Work required ▸ Beginning at the line containing "D一帶式輸送機(jī)類組代", repeat each line below exactly up to and including the line containing "et effacer une". Do not repeat the pictures.

Supplied data Block Start

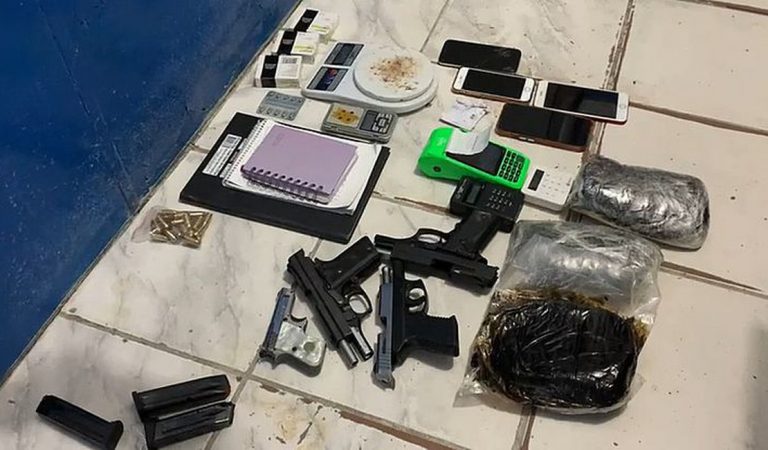 Uma influenciadora alagoana foi presa com armas de fogo e uma grande quantidade de drogas no bairro Guaxuma, em Maceió, nesta sexta-feira (26).
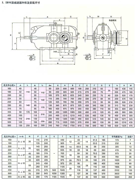 D一帶式輸送機(jī)類組代號,B一二級傳動,c一三級傳動,Y一硬齒面齒輪,z一中硬齒面齒輪,K一輸出軸為空心軸形式。
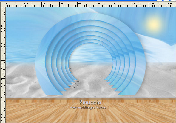 et effacer une petite partie du bateau pour donner l'idée de se trouver entre les arcs.
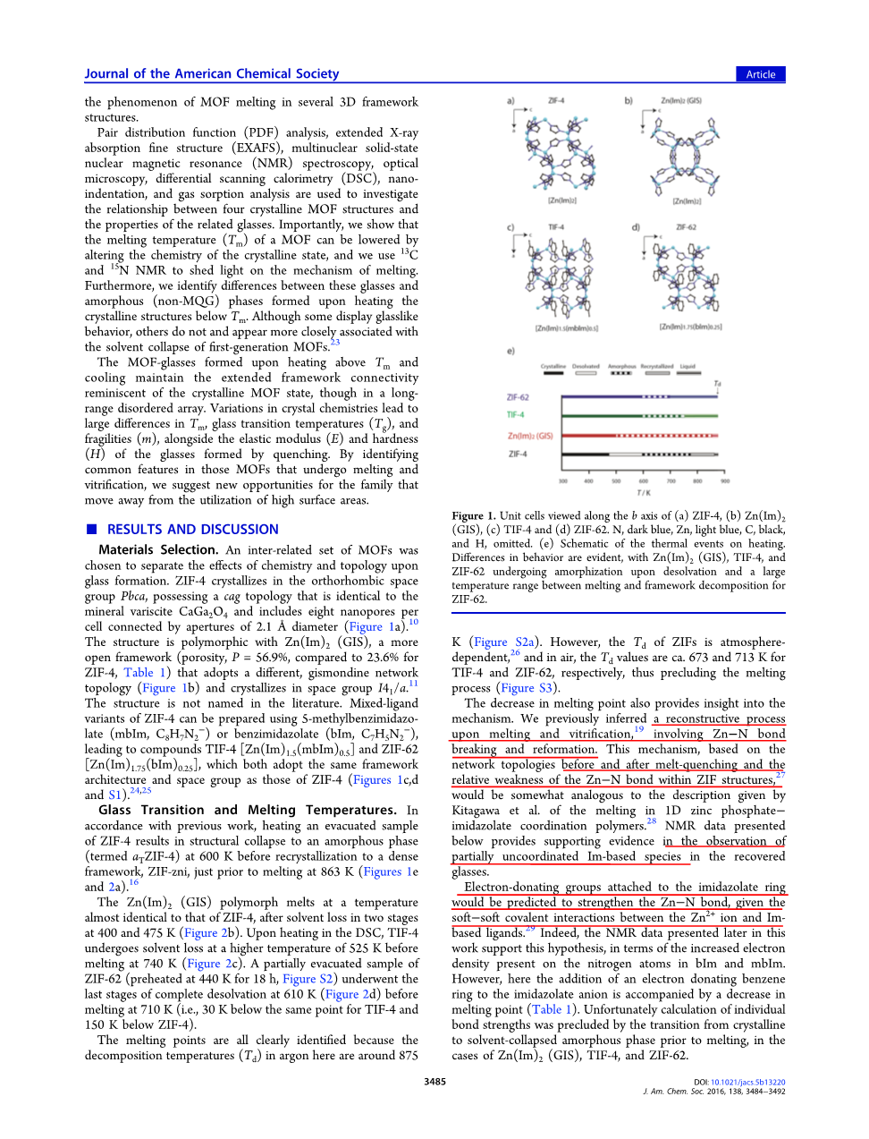 图1.沿着(a)ZIF-4,(b)Zn(Im)2(GIS),(c)TIF-4和(d)ZIF-62的轴线b观察的单元细胞。 N,深蓝色,Zn,浅蓝色,C,黑色和H,省略。(e)加热过程中的示意图。 Zn(Im)2(GIS),TIF-4和ZIF-62在去溶剂化时和在ZIF-62的熔融和骨架分解之间的大范围温度内经历无定性化,所以行为上的差异是显而易见的。

Supplied data Block End

Output for this task ▸
 D一帶式輸送機(jī)類組代號,B一二級傳動,c一三級傳動,Y一硬齒面齒輪,z一中硬齒面齒輪,K一輸出軸為空心軸形式。
 et effacer une petite partie du bateau pour donner l'idée de se trouver entre les arcs.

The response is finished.